Weir W.5/W.6 Lateral-Twin Helicopters
Although Weir’s chief designer, Cyril G. Pullin, initially proposed converting the Weir W.4 autogyro into a helicopter using co-axial rotors, the Weir W.5 helicopter (also called the Cierva W.5) was a single-seat twin tandem-rotor helicopter developed by the Cierva Autogiro Company in the United Kingdom in the late 1930s. The W.5, undoubtedly influenced by the Germany’s Focke-Achgelis Fa-61 design then flying, utilized twin-outriggers constructed of Morris plywood, each having wooden two-bladed rotors made to an American aerofoil section design by Morris Furniture of Glasgow. The rotors, powered by an air-cooled 50 hp Weir engine turning at 430 rpm, had cyclic and collective pitch control. The W.5 made its first public flight on June 7, 1938, with pilot Raymond A. Pullin, son of C.G. Pullin, at Dalrymple, Ayrshire in Scotland. Each rotor had a 4.57 m (15 ft) diameter. The W.5 gross weight was 381 kg (840 lbs); it had a maximum rate of climb of 122 m/min (400 ft/m) and maximum speed of 122 km/h (75.7 mph). By the beginning of WWII, the helicopter had flown 80 hours and is considered to have been the world’s second fully practicable helicopter.

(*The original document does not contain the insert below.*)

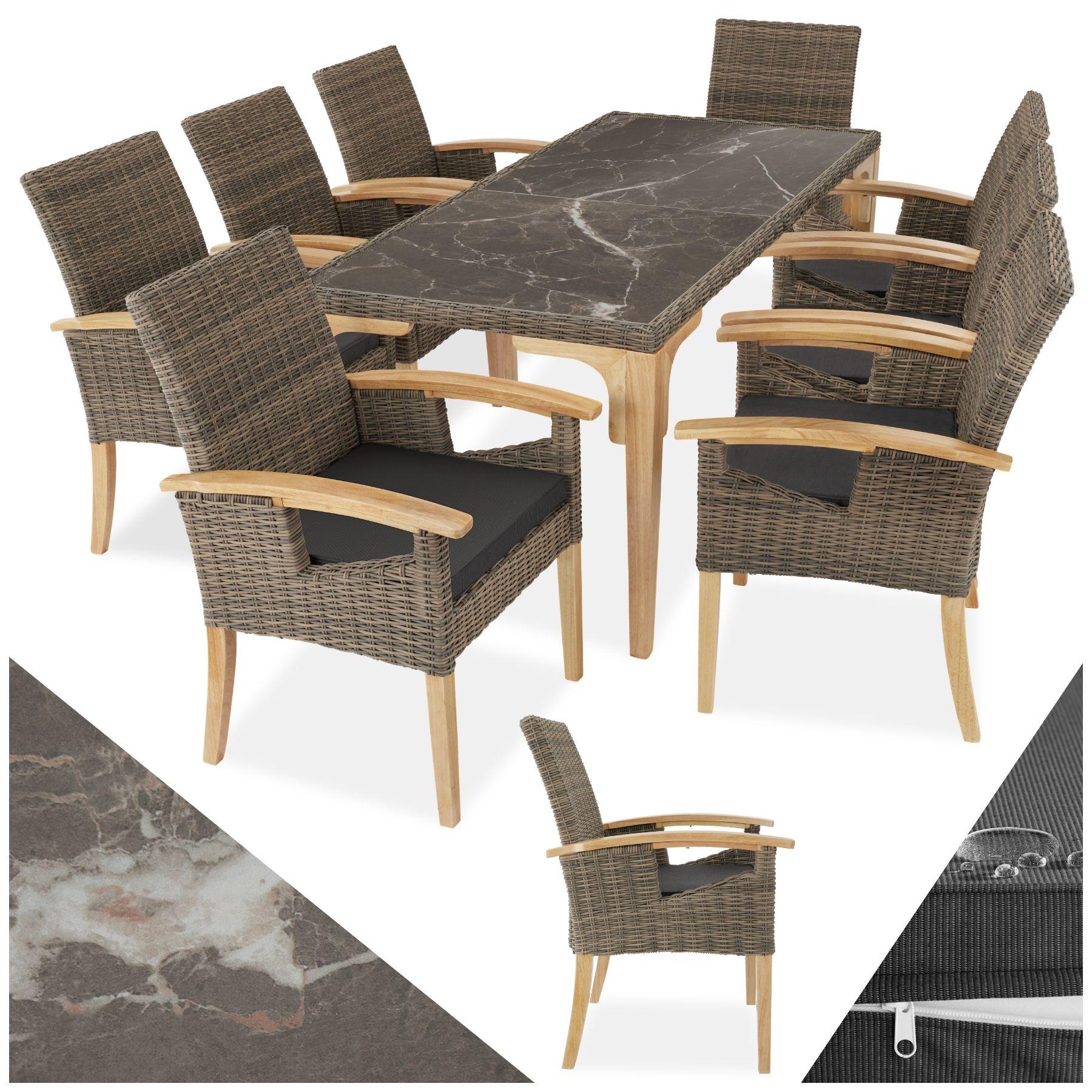 Tectake Tavolo in rattan Foggia con 8 sedie Rosarno con robusti telai in legno
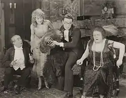 Still (right to left) of Herring with Harold Lloyd, Mildred Davis, and James T. Kelley in Among Those Present, 1921

The Weir W.6 two-seater helicopter, like its smaller Weir W.5 single-seat predecessor, was a twin-boom outrigger construction but of a more sophisticated design. It was constructed at Thornliebank, Glasgow in the Weir factory. Powered by a fan-cooled de Havilland Gipsy Queen 205 hp motor in a tractor configuration (in the nose of the aircraft), each wooden 3-bladed rotor (with a metal leading edge) turned at 275 rpm with cyclic and collective control enclosed within the rotor hub (with a rachet-type freewheeling device to allow for autorotation). The initial flight took place at Dalrymple, Ayrshire in Scotland in October 1939 with Raymond Pullin at the controls, but the German invasion of Poland on September 1st and the United Kingdom’s entry into WWII caused all work to cease by the middle of 1940. Each rotor had a diameter of 7.62 m (25 ft) and the maximum gross weight was 1070 kg (2,359 lb). Disc area totaled 45.60 sq. m (490.9 sq. ft) with a disc loading of 11.73 kg/sq. m (2.403 lb/sq. ft.). Its cruising speed was 128 km/h (79.5 mph) with a rate of climb of 198 m/min (650 ft/min) to an absolute ceiling of 3810 m (12,500 ft). It flew with two passengers, Air Vice Marshall Arthur William Tedder (later 1st Baron Tedder, GCB) and Ken Watson, thus becoming the first helicopter to carry a passenger. The Weir W.6 last flew in June 1940. Its engine was later used in the 1944 Cierva W.9 (assigned serial number PX203), the first flight of which was delayed until 1945 due to damage incurred during ground-running and which was destroyed in an accident in 1946.
References:
- Pullin, C. G. “Helicopter Research and Development,” The Journal of the Helicopter Association of Great Britain – Bulletin, March 1947, pp. 21 – 80
- Pullin, R. A. “A Rotary-Wing Enterprise,” Aeronautics, November 1946
- Leishman, J. Gordon, Principles of Helicopter Aerodynamicsz (Second Edition), Cambridge University Press, 2006.